**ASSIGNED TASK:**
Using the data that follows, give again word for word the lines between the one holding "Remote control to" and the one holding "Porcasso the pig", inclusive. Omit the pictures.
══ DATA RECORDS ══
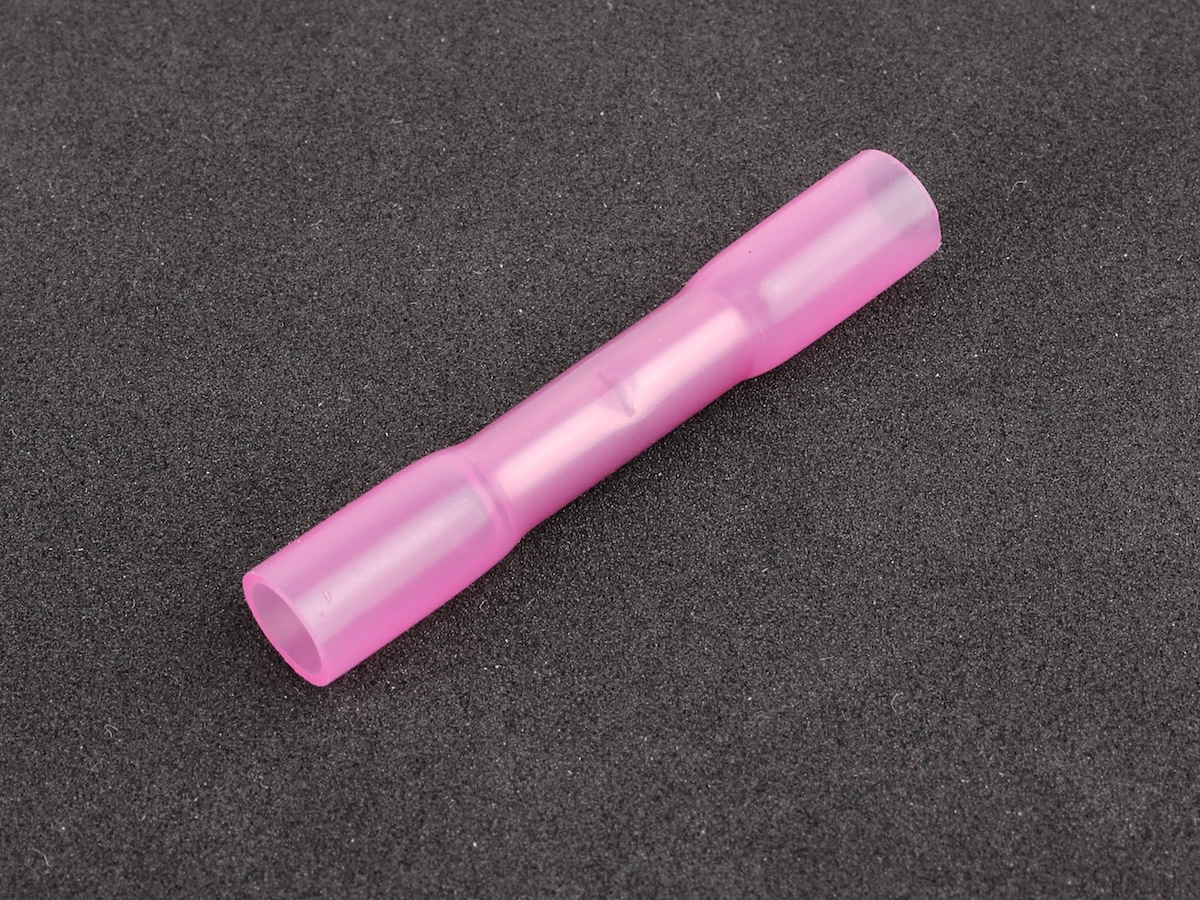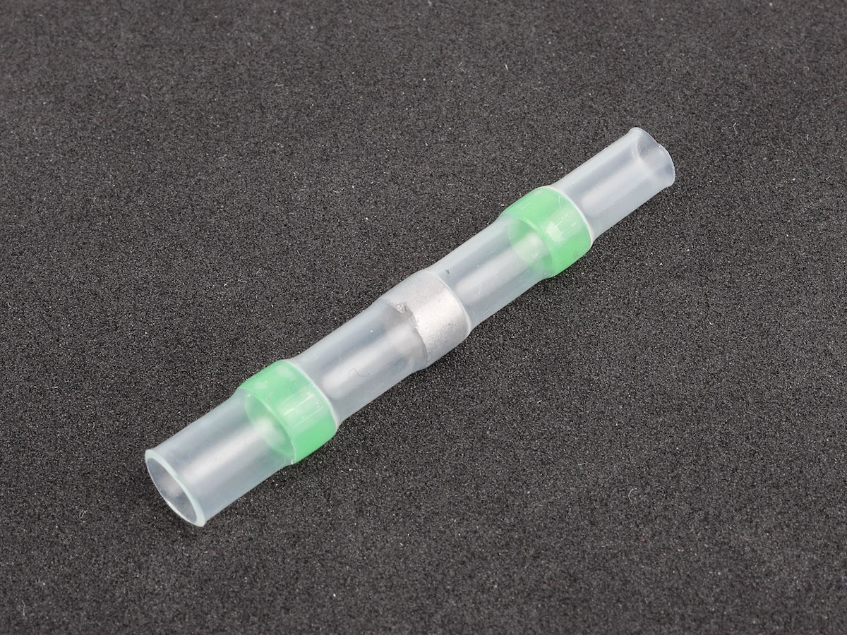 ただし、ハンダ付けは基本的にハンダごてが必要となるため、屋外では作業がしづらいことが多いです。この欠点を克服しているのが、リング状の低融点ハンダを熱収縮チューブの中央にセットした、「はんだスリーブ」。ケーブルの接続部を通し、ライターなどで加熱することで、ハンダ付けと熱収縮チューブによる保護が同時にできるという優れモノです。
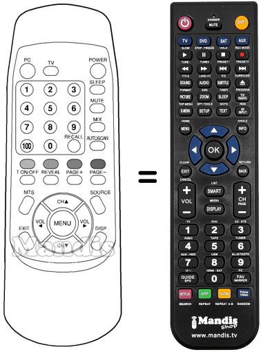 Remote control to replace the original and all its functions.
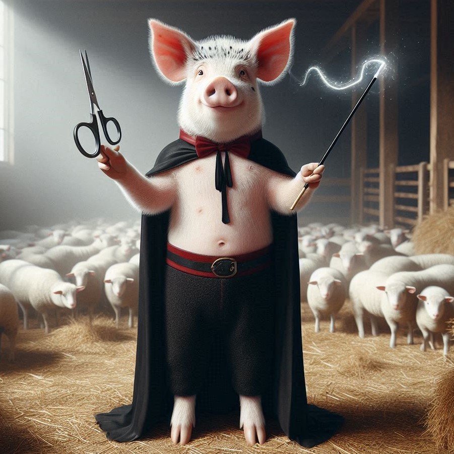Porcasso the pig is a hairdresser and magician extraordinaire. He makes a grand performance at the surprise party that Bunny threw for Sheepy. During the evening, Porcasso dresses Sheepy’s head wool, pulls Bunny out of a magic hat, and performs a personal and moving séance that leaves all the animals of the farm in awe.
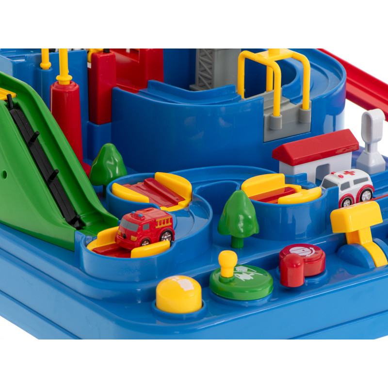 Multifunkčná autodráha je ako stvorená pre malých dobrodruhov. Ovládaj tlačidlá a otočné prvky, aby si previedol vozidlá cez ozubené kolieska, výsuvné mosty a ďalšie nástrahy. Vyzerá to jednoducho? Presvedč sa sám!
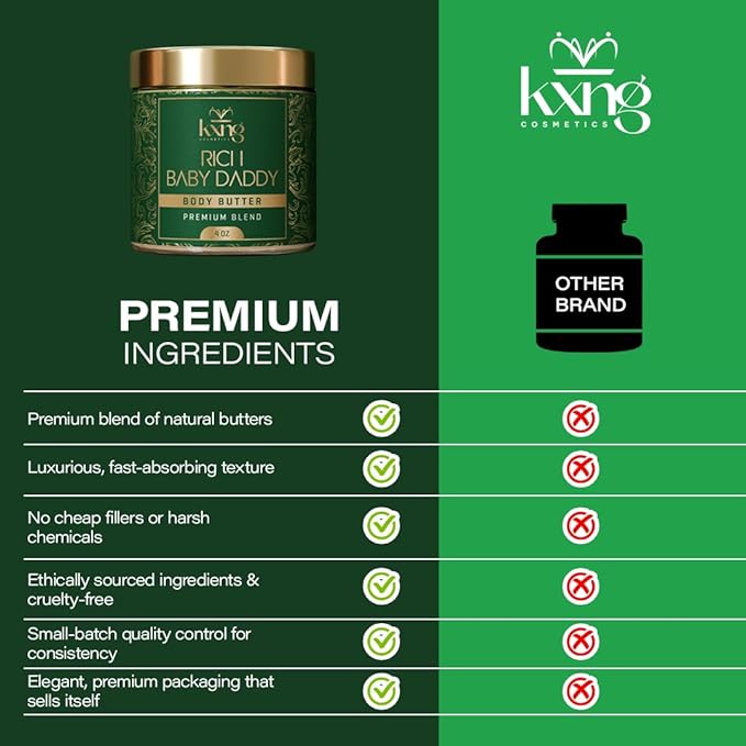 KXNG Cosmetics Luxury Shea Body Butter Cream β 4oz | Organic Body Butter for Men & Women with Cocoa, Mango & Coconut Oil | Moisturizing Cream for Hands, Feet & All Skin Types β Rich Baby Daddy
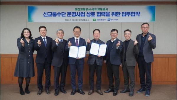 [한국뉴스타임=편집국] 경기교통공사와 대전교통공사가 30일 오전 대전교통공사 회의실에서 교통서비스 협력체계 구축 및 도·시민 편의 증진을 위한 업무협약을 체결했다.
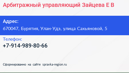 Арбитражный управляющий Зайцева Е.В. по адресу 670047, Бурятия, Улан-Удэ, улица Сахьяновой, 5 в дальнейшем Организация, размещена в следующих категориях:
═══
**RESPONSE:**
 Remote control to replace the original and all its functions.
Porcasso the pig is a hairdresser and magician extraordinaire. He makes a grand performance at the surprise party that Bunny threw for Sheepy. During the evening, Porcasso dresses Sheepy’s head wool, pulls Bunny out of a magic hat, and performs a personal and moving séance that leaves all the animals of the farm in awe.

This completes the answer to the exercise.